La Chine de l'oeil : proses de voyage

Dans un carrefour, une fille superbe s'arrête, confuse,
aux côtés de son père, grand paysan barbu coiffé d'une
chapka de fourrure et qui, sous son nez aquilin, serre entre
ses dents une longue pipe à petit fourneau. Le visage de la
jeune femme, bien que durci et même déjà froissé par la
vie, garde encore une pudeur et une rougeur d'enfance.
(...) Avec sa natte lourde glissant sur sa poitrine de son
chapeau de paille, avec, pour toute coquetterie,
l'éclat rouge d'un ruban en papillotte au bout de cette
natte, contre sa vareuse bleue.
Au cours d'un séjour qui n'est pas d'agrément mais de travail, plongé dans la vie chinoise,
ballotté par ses rythmes, Alain Walter attrape les scènes, les êtres et les objets du coin de l'oeil, au
vol, dans leur mouvement à travers l'espace et l'histoire.

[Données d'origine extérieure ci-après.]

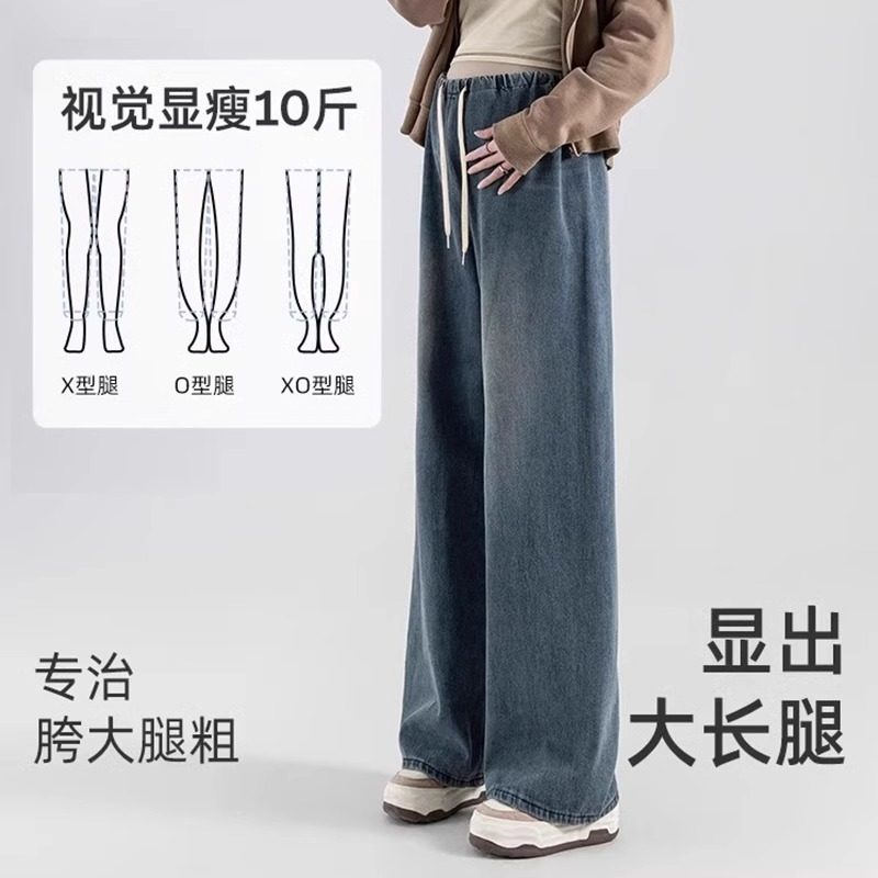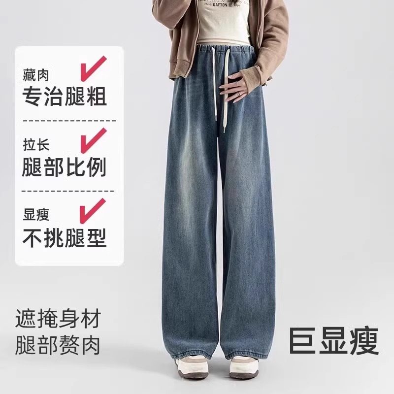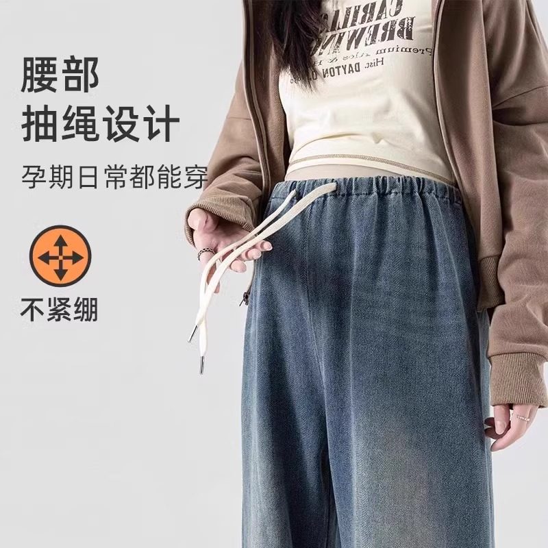 孕妇裤子无托腹牛仔裤外穿阔腿裤新款秋装抽绳松紧腰不勒肚休闲裤

Ce sont les années 90, l'Empire du Milieu
«s'ouvre» au monde.
S'attachant à telle ou telle chose vue, il en restitue, dans une langue sobre et tendue,
l'écho profond dans son émotion, dans sa pensée, l'inscription dans la réalité chinoise : la soie, les
rizières, les briques, mais aussi les cyclistes majestueux, les gymnastes taoïstes, les jeunes filles insolentes,
les disputes entre musiciens ou spectateurs à l'opéra, les paysans qui jardinent l'horizon, un
graveur de sceaux, une jeune femme au chapeau de paille, la foule vorace, indifférente. Avec, à
chaque pas, la rencontre d'un passé lointain ou récent, prestigieux ou dramatique.
Tout cela se trouve rendu avec gravité et beaucoup d'humour âpre ou tendre. Ainsi ce regard
violent et sensuel s'empare de la Chine et la pense concrètement dans son irréductible poésie.